We used to stain decks and fences all the time without sanding. (We being the painting crew I worked with).


----------



## GeorgeC (Jul 30, 2008)

I would think that whether or not you sand a redwood deck would depend upon your feelings that it is or is not rough. If rough sand. If not rough do not sand. I would never bother sanding the fence.

I have built a redwood deck, but did not stain it. I liked the color just the way it was naturally.

George


----------



## Steve Neul (Sep 2, 2011)

Most folks though use a power washer and just clean the deck prior to staining. It wouldn't hurt to sand the deck. It would make the deck closer to what it was when new to sand it.


----------



## JPSD (May 18, 2013)

That's good to hear, thanks for the replies. The deck is not rough at all, it's in good shape. I think we'll give it a try this time without sanding and just giving it a good power wash and see how it goes. Thanks again!


----------



## HowardAcheson (Nov 25, 2011)

I would contact the finish manufacturer and ask them about surface preparation before stain application or follow the instructions on the product label. They want you to succeed when using their product. Most finish manufacturers spend quite a bit of time and money determining what works best for their product. Also, going off on your own based on internet advise could be risky and may compromise your warranty.


----------



## GeorgeC (Jul 30, 2008)

HowardAcheson said:


> I would contact the finish manufacturer and ask them about surface preparation before stain application or follow the instructions on the product label. They want you to succeed when using their product. Most finish manufacturers spend quite a bit of time and money determining what works best for their product. Also, going off on your own based on internet advise could be risky and may compromise your warranty.

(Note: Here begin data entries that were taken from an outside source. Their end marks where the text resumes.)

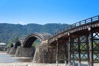 - 岩国市の清流・錦川にかかる、世界でもめずらしい五連の木造アーチ橋。日本三名橋のひとつです。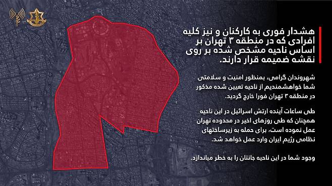 이스라엘군은 이날 오후 엑스(X)에 페르시아어로 "이스라엘군은 최근 테헤란 전역에 걸쳐 그랬듯 앞으로 몇시간 내로 테헤란 3구 지역에서 이란의 군사시설을 공격하는 작전을 펼 것"이라고 밝혔습니다.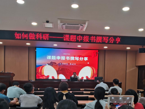 2022年6月28日上午,必赢3003no1线路检测中心文学与传媒学院院长熊建军教授应邀在格致楼101会议室给外院全体教师作讲座,讲座题目为“如何做科研——课题申报书撰写分享”。讲座由外院书记覃春华主持,外院领导、教师聆听了讲座。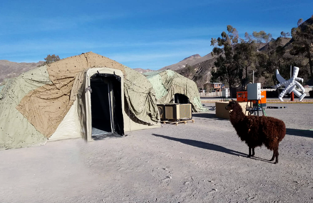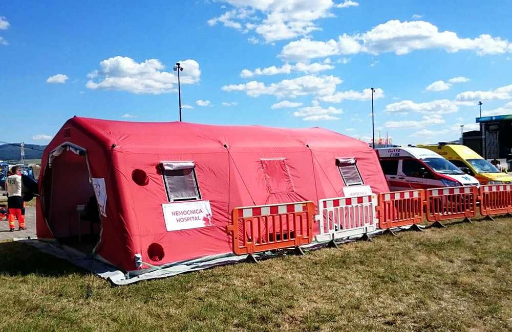 PGK General Purpose Tent is a modular inflatable tent designed for general and military use, e.g. as an emergency relief shelter; military field command post or humanitarian mission HQ, military accomodation or storage unit; base camp; mobile hospital; etc. The PGK tent can be ordered in a wide range of sizes and its modular design allows for combining units to make larger or multi room setups.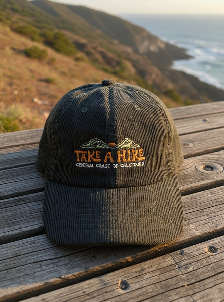 Show your love for the Central Coast and the great outdoors with our new Take A Hike hats — the perfect companion for any adventure. Featuring an embroidered mountain design and “Take A Hike – Central Coast of California,” these hats are made for everyday wear, from trail to town.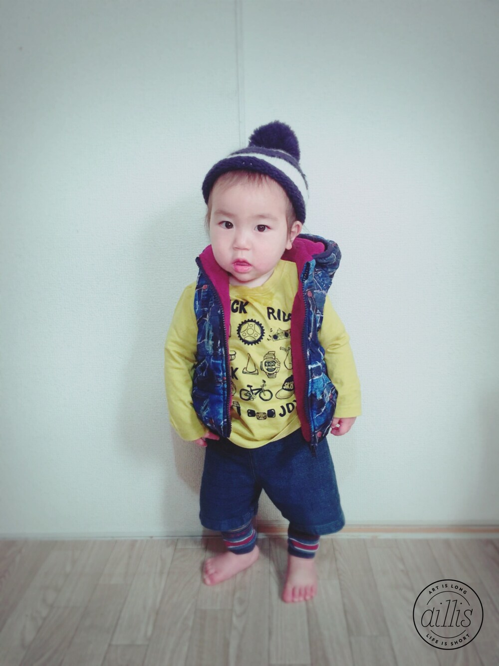 いつも見ていただきありがとうございます❤️ 1歳のお祝いにお友達にもらったトップス✨を使ってデニデニコーデ💓 ダウンベストは、デニム柄 これもお下がり☺️ よく考えたら今日のコーデ全部もらったやつだ笑😱 カッコイイ系になりました⭐︎感謝⭐︎ 予防接種行こうかな〜

This is advise on staining from people who stain for a living.. I would call that expert advise. What warranty?

George


----------



## pk241191 (May 11, 2014)

internet is the bet option i can say


----------



## JPSD (May 18, 2013)

*Lesson learned - yes you need to sand before staining!*

Well thanks for the advice on here but it was not right. You need to sand a deck before you stain it, power washing is not enough people. The wood grain needs to be totally exposed so the stain will take. Otherwise the stain will sit on top like paint and just look blotchy. Sanding takes more time but it's the right way to do it. Lesson learned - time for a do over!


----------



## mfflannery (Apr 12, 2014)

The hardest part about sanding a deck is going to be the nails. You'll tear a lot of sandpaper if you don't use a nail set to countersink any high ones. I spent a day sinking nails on a large deck a few years back.

Sent from my Nexus 10 using Tapatalk


----------



## Bleedinblue (Mar 4, 2014)

Sorry I didn't see this before.

When we bought our house the deck hadn't been stained for probably 3-4 years and the stain was very thin. We power washed it and I knew that wouldn't be enough. Then we went to work with a belt sander, spent two or three afternoons on it. I still didn't think it was enough, so I opted for a Sherwin Williams solid color (as in non-transparent) stain. That went on and worked out fairly well. Two years later the high traffic areas have worn through and we'll be doing it again this year or next Spring.

If your stain is transparent or semi transparent, of course you can only put it on bare wood. No different than refinishing a piece of furniture, the stain has to soak into the wood's pores, and if there is old finish there that won't happen. I think solid color stains provide more margin of error.

Good luck with the sanding, it's a $$$$$.


----------